Getting something out of your eye basically comes down to introducing more moisture into the situation, either by blinking or washing out your eye.
Blinking a few times is a good, totally non-invasive place to start, Dr. Anchala says. Though it seems minimal, blinking spreads tears across the surface of your eyeballs and may help wash out whatever irritant is in there, she explains. No dice? It’s time to step up your game and irrigate your eye, which sounds scarier than it really is. It essentially means you’re flushing out whatever is in there with a stream of clean water.
First, wash your hands with soap and water. If you’re wearing contacts, now is the time to remove them, or at least the one in the affected eye. Sometimes things can get embedded under the surface of contact lenses in the irrigation process, the Mayo Clinic says.
To irrigate your eye, you don’t need to somehow Cirque du Soleil yourself so your head is underneath your sink faucet. Instead, the Mayo Clinic recommends resting the rim of a small, clean drinking glass containing water against the bone right underneath your eye socket, then pouring the water over your eyeball. Depending on how urgently your eye is bothering you, you can also take the time to buy a device known as an eyecup that’s made specifically for flushing out eyes.

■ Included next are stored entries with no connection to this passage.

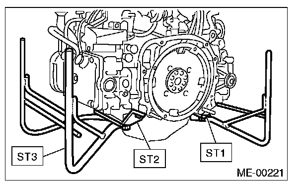 1) After removing the engine from body, secure it to ST in the following procedure.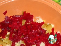 Добавить мелко порезанную свеклу. Перемешать. Заправить салат подсолнечным маслом. Посолить по вкусу. |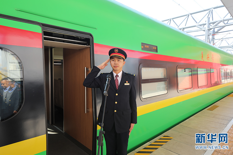 2021年12月3日,中老鐵路正式通車,開辟了中國國際鐵路運輸新紀元,那一天,胡堅站在站臺上,代表中國鐵路火車司機請示發(fā)車。(新華網(wǎng) 范芳鈺/文 昆明機務(wù)段供圖)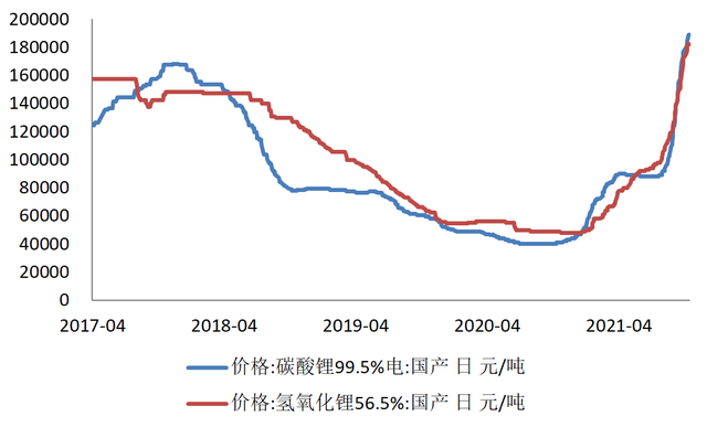 10月假期后,碳酸鋰和氫氧化鋰的價格雙雙突破了18萬元/噸。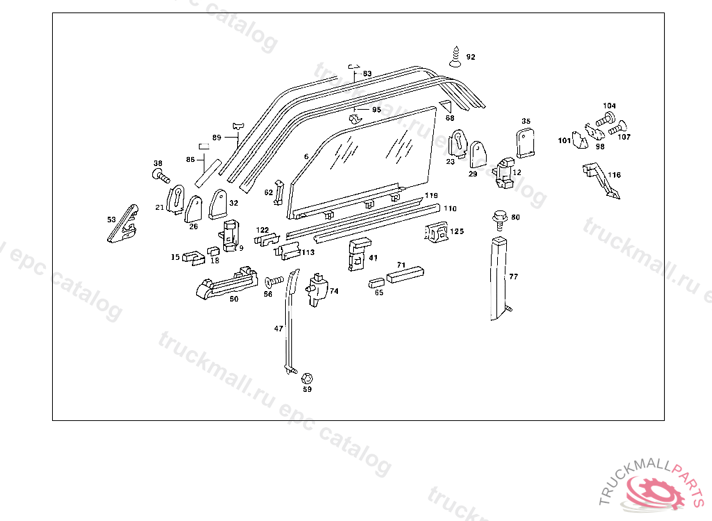 CRANK OPERATED WINDOW RIGHT FRONT DOOR, FROM CHASSIS 123.043 009141 123.050 002669 123.053 012246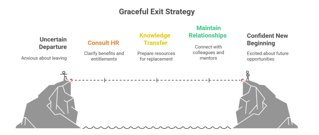 Provide adequate notice, document handovers, and leave on good terms. A positive exit sets you up for future success.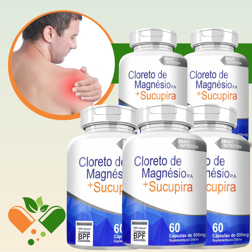CLORETO DE MAGNÉSIO P.A COM SUCUPIRA KIT COM 5 POTES COM TOTAL DE 300 CAPSULAS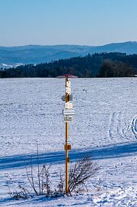 | Výměna žluté TZ za Modrou, chvíl po asfaltu, dál polní cesta | ||||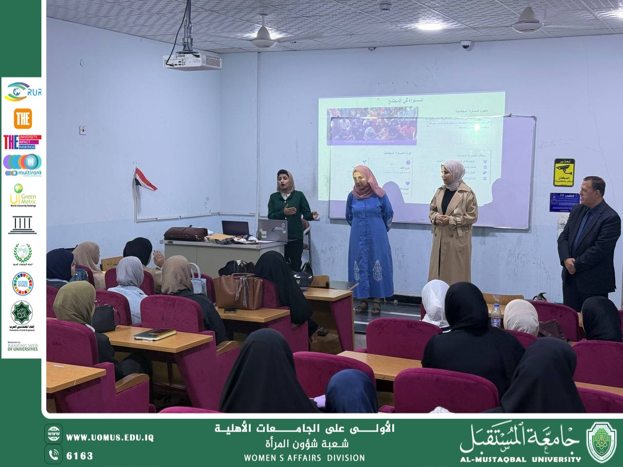 واختُتمت الورشة بفتح باب الحوار أمام الطلبة لعرض آرائهم ومقترحاتهم بشأن تعزيز دور المرأة في المؤسسات الأكاديمية والمهنية، مع التأكيد على أهمية نشر الوعي الحقوقي وترسيخ ثقافة المساواة داخل المجتمع الجامعي، بما ينسجم مع التوجهات الوطنية لشؤون المرأة.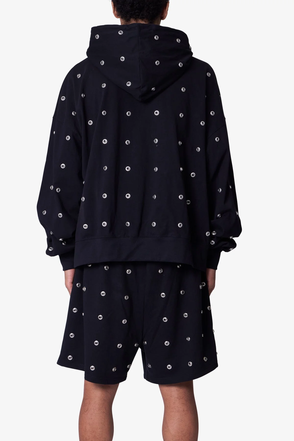 All Over Button Hoodie - Black
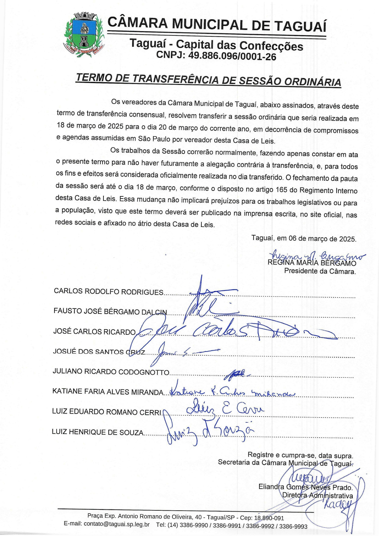 - 5ª Sessão Ordinária da Câmara Municipal de Taguaí 07/04/2026 20h00 (Brazil/East) — Câmara Municipal de Taguaí

If none of those options are your speed, you can hop into the shower and direct a gentle stream of water onto your forehead, holding your eyelid open so that the liquid drips down into your eye. And, if thoroughly rinsing out your eye in some form or another doesn’t help with the foreign body sensation—or if you think you got the object out but you’re dealing with issues like pain and redness—you should see a medical professional for evaluation.

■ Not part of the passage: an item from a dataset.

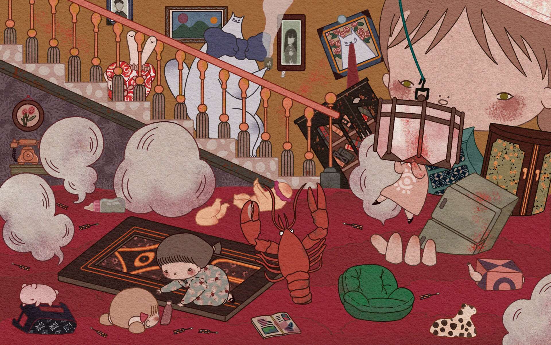 The project HOUSE is my graduate thesis project in Fashion Institute of Technology; it is a series of illustrations,inspired by a horror movie directed by Japanese director Nobuhiko Obayashi, which uses collage to make an otherwise scary scene funny. The story is about 7 girls who went to the protagonist Oshare’s aunt’s big house in the countryside during the summer vacation. Then, strange things began to happen. The girls are swallowed up by the house one by one, and eventually, were all turned into dolls. It turned out that the aunt’s fiancé died in World War II. She was heartbroken and turned into a ghost, constantly tricking the girls in the village to come to her house and devour them. She hoped that the girls would always be with her and she would never be alone again. This is a tragedy caused by war. The story is sad, but I used an absurd and comic way to describe the scene. The facial expressions of the characters are witty, while disdainful, and the overall color is bright and warm. This result is a unique treatment that offers another possibility of expression.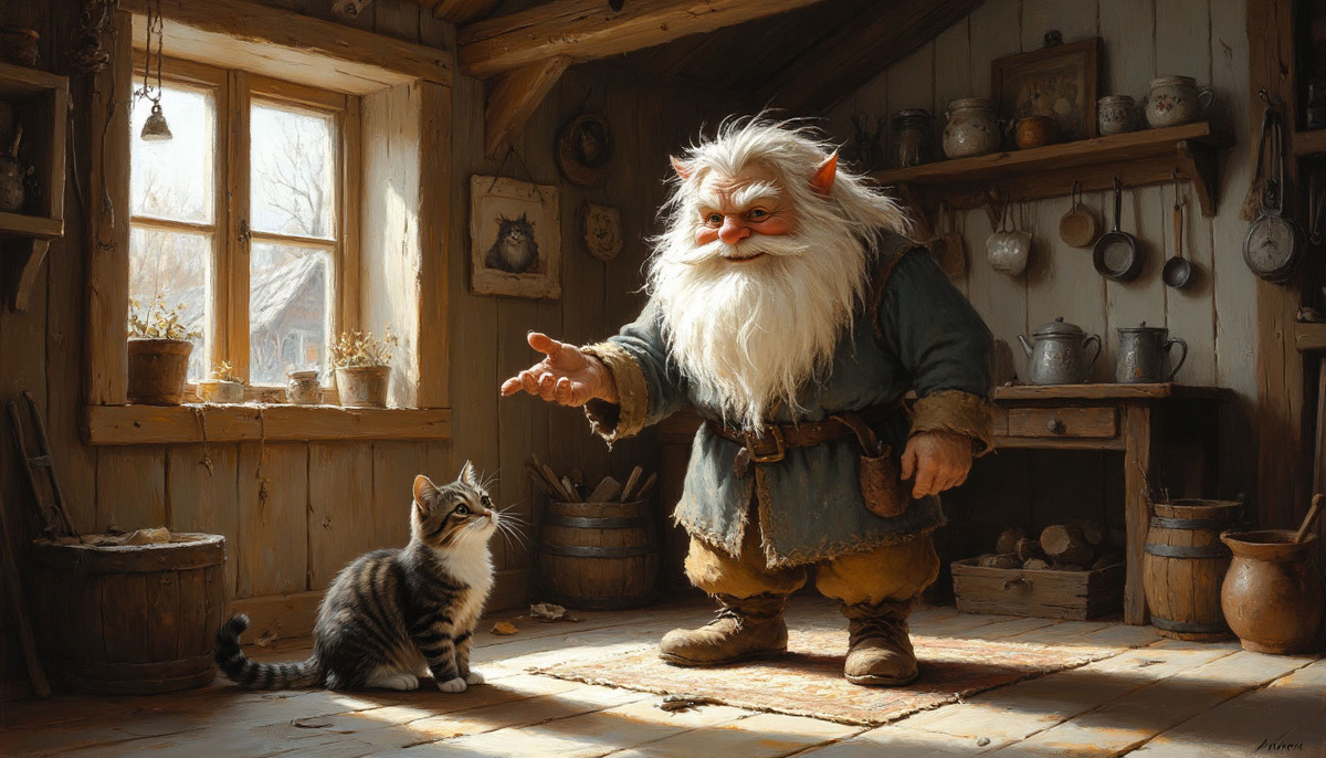 В старом доме под черепичной крышей, пахнущем яблоками и воском, время текло медленно и плавно, как мёд. Пылинки танцевали в солнечных лучах, пробивавшихся сквозь кружевные занавески, а по вечерам бродившие по скрипучему паркету тени казались не тенями, а воспоминаниями, застывшими в воздухе. Хранителем этого неторопливого ритма был домовой, которого звали Самсон. Он был стар, как сам дом, и мудр, как время. Его лохматая фигура, невидимая для обычного глаза, часами могла неподвижно сидеть на своей любимой полке за русской печкой, наблюдая за жизнью дома, как зритель наблюдает за давно знакомым спектаклем.

There are a few tactics you should never, ever try to get something out of your eye. (Unless you like the idea of potentially hurting yourself, that is.)
Even though rubbing your eyes in this case can feel like pure instinct, take a hard pass. “Rubbing the eyes can drag the foreign body on the surface of the cornea and cause an abrasion,” Dr. Shibayama says. Completely cringe-worthy, completely avoidable in this instance if you can keep your hands away from your fragile eyes.
Also, step away from the Q-tips, tweezers, or anything else you’re considering sticking in your eye to fish out the intruder. Yes, this even includes your fingers. All of these objects can seriously harm your eye by scraping up your delicate tissue, Dr. Anchala says. You might wind up with even more pain and problems on your hands—or, rather, in your eyes—which is probably the exact opposite of what you want.